Disebut Event Horizon Telescope, instrumen pemotretan cakrawala peristiwa lubang hitam terbaru terdiri dari jaringan teleskop radio yang terletak di seluruh planet Bumi, termasuk di Kutub Selatan, AS, Chile, dan pegunungan Alpen.

Dilansir ScienceAlert.com, jaringan teleskop radio di seluruh dunia ini akan diaktifkan antara tanggal 5 hingga tanggal 14 April 2017. Event Horizon Telescope akan bekerja menggunakan teknik yang dikenal sebagai very-long baseline interferometry (VLBI), yang berarti jaringan teleskop ini akan fokus dalam mengumpulkan gelombang radio yang dipancarkan oleh objek tertentu di luar angkasa.

Dalam "memotret" lubang hitam, Event Horizon Telescope akan fokus pada gelombang radio dengan panjang gelombang 1,3 mm (230 GHz), yang nantinya akan memberikan para astronom kesempatan terbaik untuk menerobos awan gas dan debu yang menghalangi pandangan lubang hitam dari Bumi.

Dan karena ada begitu banyak teleskop radio yang akan digunakan dalam pengamatan ini, resolusi citra yang nantinya didapatkan oleh para astronom adalah 50 microarcsecond, atau setara dengan melihat jeruk secara utuh di permukaan Bulan dari Bumi.
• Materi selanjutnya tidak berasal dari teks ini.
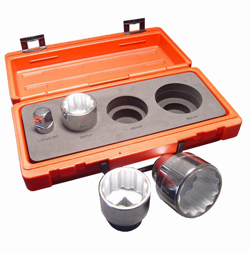 Profesjonalny zestaw trzech nasadek i adaptera do obsługi kół tylnych motocykli z monowahaczem.

Resolusi seluar biasa ini begitu penting karena target pertama dalam pengamatan dan pemotretan cakrawala peristiwa ini adalah pada lubang hitam supermasif yang berada di pusat galaksi kita, yang disebut Sagitarius A* (baca: Sagitarius A-star).

Sepanjang sejarah umat manusia, kita belum pernah secara langsung mengamati lubang hitam supermasif Sagitarius A*, namun para astronom telah mengetahui kalau lubang hitam supermasif itu ada karena ia secara aktif mempengaruhi orbit dari bintang-bintang di dekatnya.
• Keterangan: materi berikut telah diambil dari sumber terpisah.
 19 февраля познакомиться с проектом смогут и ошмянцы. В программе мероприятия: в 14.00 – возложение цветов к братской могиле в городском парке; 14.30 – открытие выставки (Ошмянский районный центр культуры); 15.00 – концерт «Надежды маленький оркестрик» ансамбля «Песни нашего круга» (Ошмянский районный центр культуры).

Berdasarkan perilaku orbit bintang-bintang di dekatnya ini, para astronom memperkirakan bahwa lubang hitam supermasif Sagitarius A* mungkin berukuran sekitar 4 juta kali lebih masif dari Matahari, tetapi dengan diameter cakrawala peristiwa yang hanya 20 juta km.

Terletak pada jarak sekitar 26.000 tahun cahaya dari Bumi, membuat lubang hitam supermasif Sagitarius A* menjadi target yang cukup ideal.

Nantinya, Event Horizon Telescope bakal mengamati lingkungan sekitar sekitar lubang hitam supermasif Sagitarius A*. Para astronom yang tergabung dalam proyek ini memprediksi lubang hitam akan terlihat seperti cincin cahaya terang di sekitar gumpalan gelap.

Cahaya tersebut dipancarkan oleh gas dan partikel debu yang melesat dalam kecepatan tinggi sebelum mereka tercabik-cabik dan dikonsumsi oleh sang lubang hitam. Sementara gumpalan gelap itu merupakan si lubang hitam supermasif Sagitarius A*.

Tapi jika Einstein benar, yang akan kita lihat nanti lebih seperti cahaya sabit dari cincin karena efek Doppler. Jika Anda pernah menonton film Interstellar (2014), maka seperti itulah nantinya pemandangan lubang hitam yang akan diamati lewat Event Horizon Telescope.

Lalu, apa yang terjadi jika kita melihat sesuatu yang lain? Doeleman, astronom dari Harvard-Smithsonian Centre for Astrophysics mengatakan, sesuatu yang lain itu kemungkinan akan mengguncang dunia fisika, meruntuhkan teori-teori yang sudah ada menjadi teori baru dengan bukti tersebut.

Mengingat semua data yang nantinya akan dikumpulkan Event Horizon Teleskop perlu diproses, diperkirakan citra lubang hitam supermasif Sagitarius A* baru akan dirilis tahun 2018 mendatang. Itupun dengan asumsi pengamatan April ini sukses dilakukan.
Memotret Cakrawala Peristiwa dari Lubang Hitam Memotret Cakrawala Peristiwa dari Lubang Hitam Reviewed by Riza Miftah Muharram on Februari 17, 2017 Rating: 5

Hype - Jangan Lewatkan!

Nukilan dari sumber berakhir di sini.